Un jeune migrant se suicide dans un centre d'accueil du Pas-de-Calais

Un jeune migrant se suicide dans un centre d'accueil du Pas-de-Calais
Ce drame est le signe selon Médecins du Monde que « les souffrances psychologiques des migrants sont réelles ». (Illustration)

leparisien.fr, publié le mercredi 20 juin 2018 à 18h31

Le jeune homme guinéen de 19 ans était arrivé de Calais il y a quelques semaines.

Un Ghanéen de 19 ans s'est suicidé la semaine dernière dans un Centre d'accueil et d'examen des situations (CAES) de Croisilles dans le Pas-de-Calais, a révélé La Voix du Nord.

Le jeune homme qui était arrivé de Calais « il y a quelques semaines » s'est donné la mort « dans une partie désaffectée du bâtiment », a déclaré Guillaume Alexandre, directeur général de La Vie Active, une association d'aide sociale qui a été mandatée par l'État pour s'occuper de la gestion du CAES.

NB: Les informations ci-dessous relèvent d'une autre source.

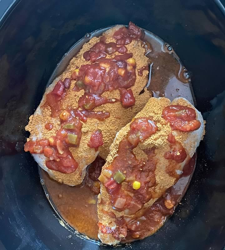 - Using 2 forks and shred the chicken breasts. Stir and enjoy!
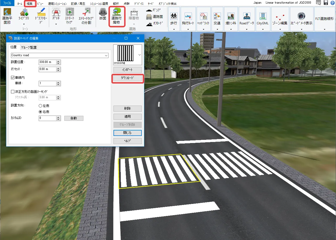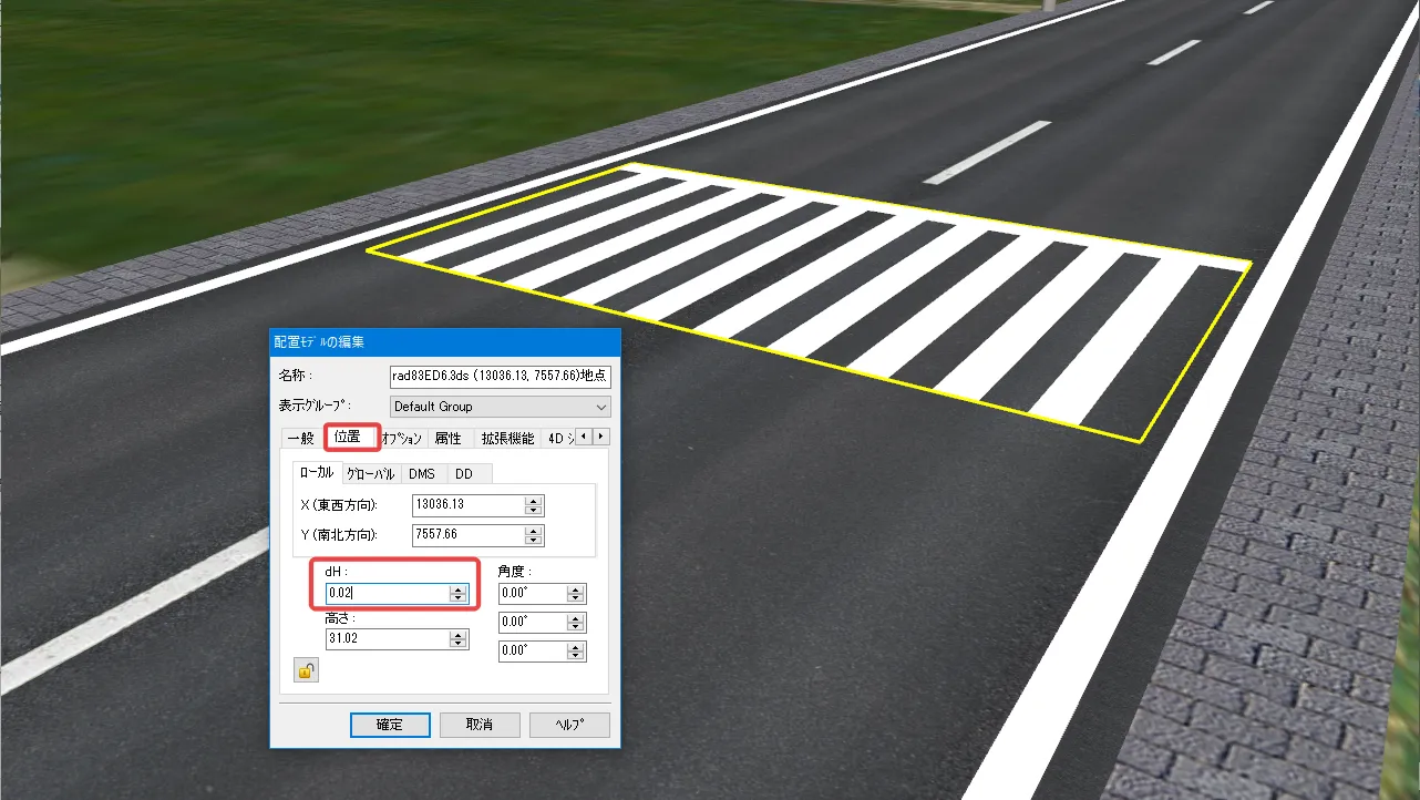 UC-win/Roadからエクスポートした3Dモデルや、他のソフトで編集してグローバル座標(平面直角座標系)を持つ3Dモデルを、簡単に座標値を基準に配置する方法があります。
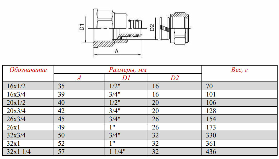 Соединитель обжимной с переходом на вн. р. 32х1 1/4"
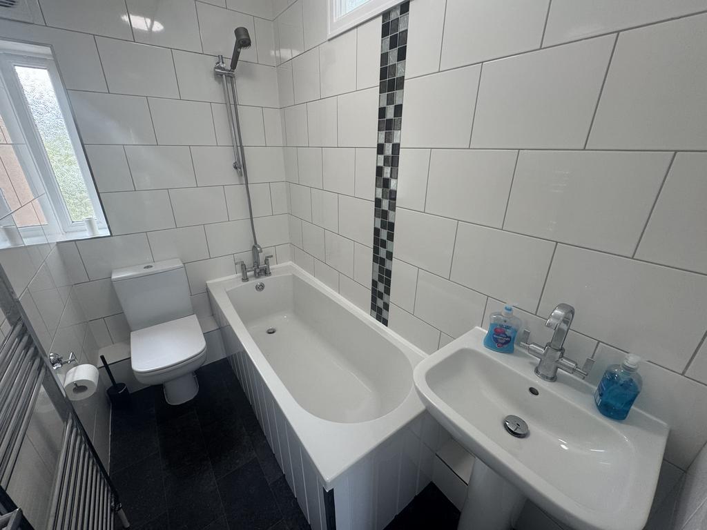 Bathroom. UPVC Double glazed window to rear, heated towel rail, bath with over bath shower, low flush WC, wash hand basin.
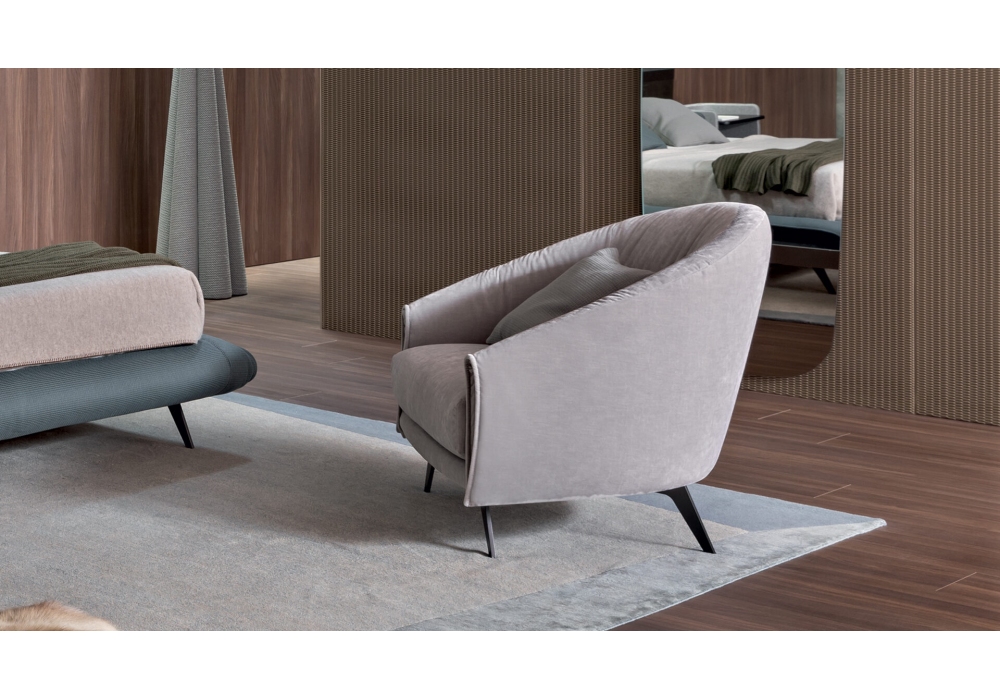 Saddle designed by Giuseppe ViganĂ² for Bonaldo is an armchair with removable fabric cover, in different finishes. The insert of the central armrest is in Ponza leather while that of the perimeter armrest is in the same finish as the upholstery. The feet are in matt painted metal, in various colors.

Une cinquantaine de migrants y sont accueillis pour faire un point sur leur situation et réfléchir à leurs possibilités de demande d'asile ou de retour au pays.

«Pas de défaillance de l'organisation»

« La migration a forcément eu un impact sur sa situation (psychologique) » a estimé Guillaume Alexandre, tout en précisant ne pas connaître la « situation familiale » du Ghanéen et ajoutant qu'il était « resté très renfermé sur lui-même ». Le jour de son décès, il avait rendez-vous avec une psychologue. Selon Guillaume Alexandre, il n'y a pas de « défaillance de l'organisation ».

Ce drame est le signe, selon Médecins du Monde, que « les souffrances psychologiques des migrants sont réelles ». « Les souffrances des exilés sont réelles », a commenté Patricia Belliard, coordinatrice médicale à Calais et Dunkerque (Nord) pour Médecins du Monde. Angoisse de l'exil, du parcours, de l'arrivée en France, manque d'accès aux besoins fondamentaux, peur d'un retour au pays d'entrée dans l'Union européenne selon les termes du règlement de Dublin, les sources de souffrances sont multiples.

Rapport alarmant

« Les structures de santé et eux, on n'est pas dans le même espace-temps, nous c'est du long terme, des rendez-vous réguliers, pour eux c'est dur de se projeter à la semaine prochaine », a expliqué Patricia Belliard, avant de s'interroger : « L'offre est là, mais est-elle adaptée à la population des exilés ? »

Ce suicide est intervenu alors que le Centre Primo Lévi et Médecins du Monde publient ce mercredi, à l'occasion de la Journée mondiale des réfugies, un rapport alarmant sur la souffrance psychique des migrants.